Given records
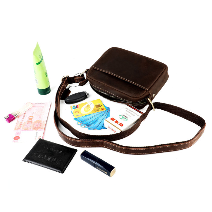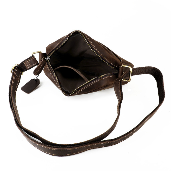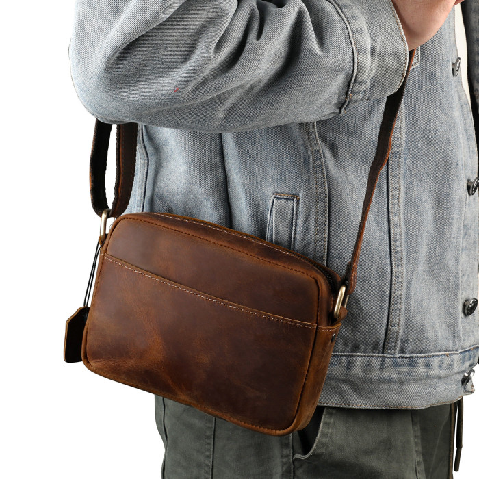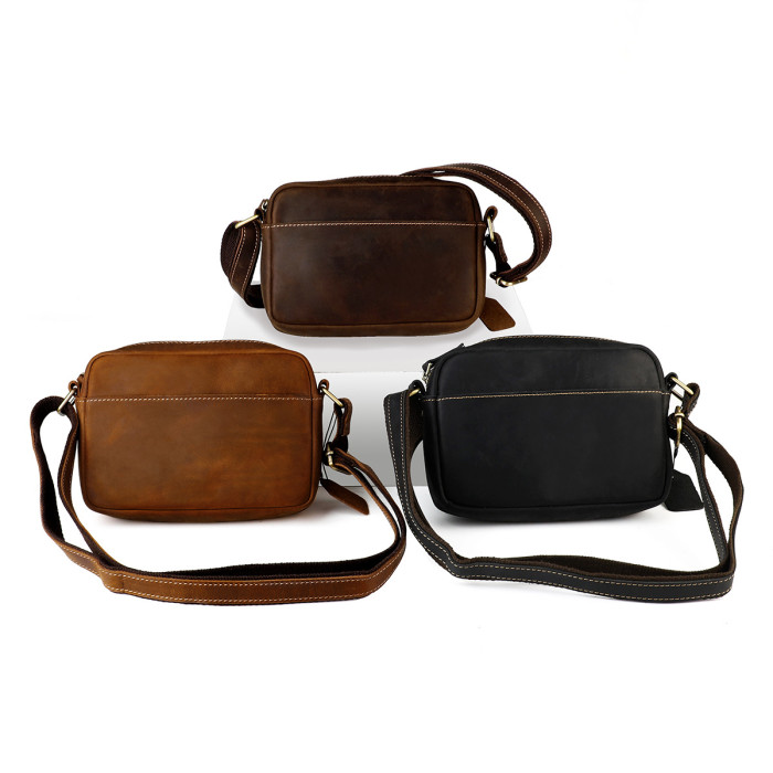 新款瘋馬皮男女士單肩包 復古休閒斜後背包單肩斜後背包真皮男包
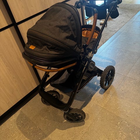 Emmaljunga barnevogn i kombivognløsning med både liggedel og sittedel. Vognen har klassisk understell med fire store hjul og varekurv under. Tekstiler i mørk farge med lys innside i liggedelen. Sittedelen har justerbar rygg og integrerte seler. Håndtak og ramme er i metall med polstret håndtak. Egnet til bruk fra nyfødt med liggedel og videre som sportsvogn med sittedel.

* * *

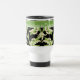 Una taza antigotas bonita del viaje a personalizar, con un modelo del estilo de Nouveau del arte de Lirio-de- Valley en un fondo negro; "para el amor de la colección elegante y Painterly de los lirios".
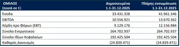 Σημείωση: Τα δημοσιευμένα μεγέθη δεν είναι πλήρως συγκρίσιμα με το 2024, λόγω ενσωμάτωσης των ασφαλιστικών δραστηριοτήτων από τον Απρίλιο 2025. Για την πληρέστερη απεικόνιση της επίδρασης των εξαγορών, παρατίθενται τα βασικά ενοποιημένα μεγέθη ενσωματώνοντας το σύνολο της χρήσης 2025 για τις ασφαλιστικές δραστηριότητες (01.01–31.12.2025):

Problem
In the records above, everything from the line with "新款瘋馬皮男女士單肩包 復古休閒斜後背包單肩斜後背包真皮男包" down to the line with "Emmaljunga barnevogn i" must be duplicated exactly, both lines kept. Leave no pictures in.

Exercise solution
 新款瘋馬皮男女士單肩包 復古休閒斜後背包單肩斜後背包真皮男包
 Emmaljunga barnevogn i kombivognløsning med både liggedel og sittedel. Vognen har klassisk understell med fire store hjul og varekurv under. Tekstiler i mørk farge med lys innside i liggedelen. Sittedelen har justerbar rygg og integrerte seler. Håndtak og ramme er i metall med polstret håndtak. Egnet til bruk fra nyfødt med liggedel og videre som sportsvogn med sittedel.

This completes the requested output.